Finally, AlphaZero also is sensitive to adversarial perturbations in Go -- adding two irrelevant stones to a board state can make the AI make wrong moves that human players can trivially avoid. In fact, using these adversarial moves, a human amateur was recently able to beat a top AI system at Go, 14 games to 1.
This suggests that even amateur human Go players have learned some simple “principles” that AlphaZero doesn’t learn in a fully general fashion.
But, overall, there does seem to be a tendency for previously unavailable “world modeling” capabilities to come online as AI models scale up.
Moreover, note that Joshua Tenenbaum himself is a frequent DeepMind collaborator and has been actively researching how to give AIs common-sense reasoning abilities, intuitive physics, and so on, and he’s hardly the only one in his reference class. DeepMind clearly values making its AIs generalize better and require less training data.
So I basically think AI “world modeling” is going to improve over time. It’s an active area of research, it’s economically incentivized, and it follows a well-documented trajectory.
It is not safe to assume that AIs are harmless because they can’t model some domain area that they’re currently weak at.
Causality
Do present-day AIs have causal models? No.
Should we expect near-term AIs to develop causal models? No.
What’s Causality?
In Judea Pearl’s framework, causality is the essential thing that causal models offer that statistical prediction models (including all current machine learning and AI models) do not.
A statistical prediction model essentially learns a function to best fit the data.

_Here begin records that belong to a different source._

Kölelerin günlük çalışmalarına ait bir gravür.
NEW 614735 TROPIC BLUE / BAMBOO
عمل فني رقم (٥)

If it is a deep learning model then it’s a very complex function, but ultimately you’re “learning” to predict the dependent variable Y (the final result of a game, say) as a function of the data X (say, the sequence of moves up until a certain point.)
It’s all just p(Y | X).
Essentially, statistical prediction models are the equivalent of observational studies in natural science. You can identify correlations and patterns in the dataset, and take that to suggest that the pattern generalizes outside the dataset.
What machine learning doesn’t have is the equivalent of experimental studies, where the experimenter deliberately changes X to see how Y changes, and assigns X (the independent variable) a causal effect on Y (the dependent variable) if the answer is yes.

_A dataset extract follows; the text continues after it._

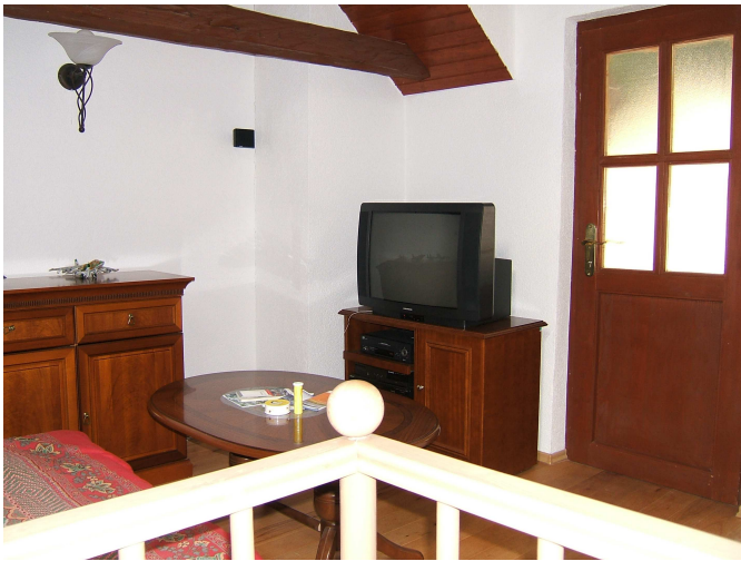
Gartenzugang vom Büro

Correlational evidence says “A correlates with B; so maybe if we change A, B will change.” Experimental evidence says “We tried changing A, and B didn’t change.”
All else equal, if they conflict, you should believe the experiment!
Why Causality is Necessary for X-Risk AIs
Agency requires reasoning about the consequences of one’s actions. “I need to do such-and-such, to get to my goal.” This requires counterfactual, causal reasoning.
Mere statistical prediction (“what is the distribution of likely outcomes, conditional on my having taken a given action”) is not the same thing.
Why?
Reverse causality and confounders, that’s why.
If I try to compute a conditional probability p(Y | X), I have to deal with the fact that, in my dataset, most of my examples of someone doing X happen in conditions that cause people to do X. Those conditions could include Y, or could cause Y, or could be caused by something that also causes Y, or any other number of connections.
The probability of feeling cold, given that one is wearing a sweater, might be high; that does not mean that putting on a sweater is likely to make you feel colder.
An AI that cannot distinguish these two outcomes is unlikely to be able to sequence a chain of actions that leads to an unprecedented state of the world, or to resist human attempts to thwart its efforts.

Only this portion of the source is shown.